Connecting the dots…

The boons and busts of assumptions

I’m assuming we all know the choice phrase: “Assumption is the mother of all fuck-ups.” If you don’t, well there is the problem with assumptions right there.

In my previous article I listed 8 behaviours that contribute to a high performing team. The first on that list is:

  1. Test assumptions and inferences.

It’s first for a reason. Humans have evolved advanced behavioural traits to ensure survival on the wild plains of Africa. We are great at pattern recognition, until we’re not. Our assumptions and inferences are examples of our application of pattern recognition. When we see someone behaving in a certain way, we review our memory for events that match that behaviour, then we infer the reason behind the current behaviour from the reasoning behind the historical behaviour. Many times our assumptions are correct, (After all, we did manage to survive this long!) however that’s not always the case. In our modern world, cause and effect can be a lot more complex than: “see a rustle in the bush – must be a lion! – run away and climb tree immediately!” In a business team context we are faced with people from many walks of life, cultural backgrounds and personal experiences. We also have the issue that language doesn’t fully express the nuances of what’s really going on in our thoughts, and that’s not even taking into consideration that many people in our teams are not even communicating in their native language. Put this all together and it becomes obvious why working in a corporate environment can often resemble a war zone.

But it doesn’t have to be.

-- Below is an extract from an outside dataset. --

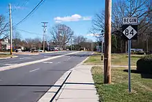 NC 84 begins at an intersection with NC 16 (Providence Road) in Weddington, carrying the name Weddington Road. It carries two undivided lanes of traffic eastward, with a 35 miles per hour (56 km/h) speed limit before leaving town. Immediately after its western terminus is a roundabout with Weddington–Matthews Road. The route also passes by Weddington's town hall. The route then enters wooded land, serving mostly homes along its route with a few open fields along the way. The route then passes through Wesley Chapel, where it serves a shopping area (at the Waxhaw Indian Trail Road intersection) and passes between several residential subdivisions. As it nears Monroe, it connects with NC 200 (Martin Luther King Jr. Boulevard), where it ends.[1]

A lot of conflict can easily be avoided by making sure that the initial messages exchanged between people are understood properly. This is where the behaviour of testing assumptions comes into play.

Practically, there are 2 steps to this process:

  1. Becoming aware of the assumptions and inferences you’re making; and
  2. Testing these assumptions with the other party in a way to minimise defensiveness.

Becoming aware is the most difficult. We’re remarkable good at seeing when others are making assumptions but not so good at observing it in ourselves. Understanding the Ladder of Inference makes this process a lot easier. If you understand the steps you go through to come to a decision based on the data that has been supplied, you can stop and question yourself at any point on the ladder.

Testing these assumptions with the other party then becomes easier.  You first replay what you’ve seen or heard and ask whether they see it differently. Then you play back the assumptions or inferences you’ve made based on that data. If they see it the same way, you are at least seeing or understanding the situation in the same way. If it’s different, you have the opportunity to clarify the situation.

This technique helps both parties realise they’re at least looking at the same hymn-sheet. Whether or not everyone wants to sing that particular hymn is another issue. You may still need to have a difficult conversation.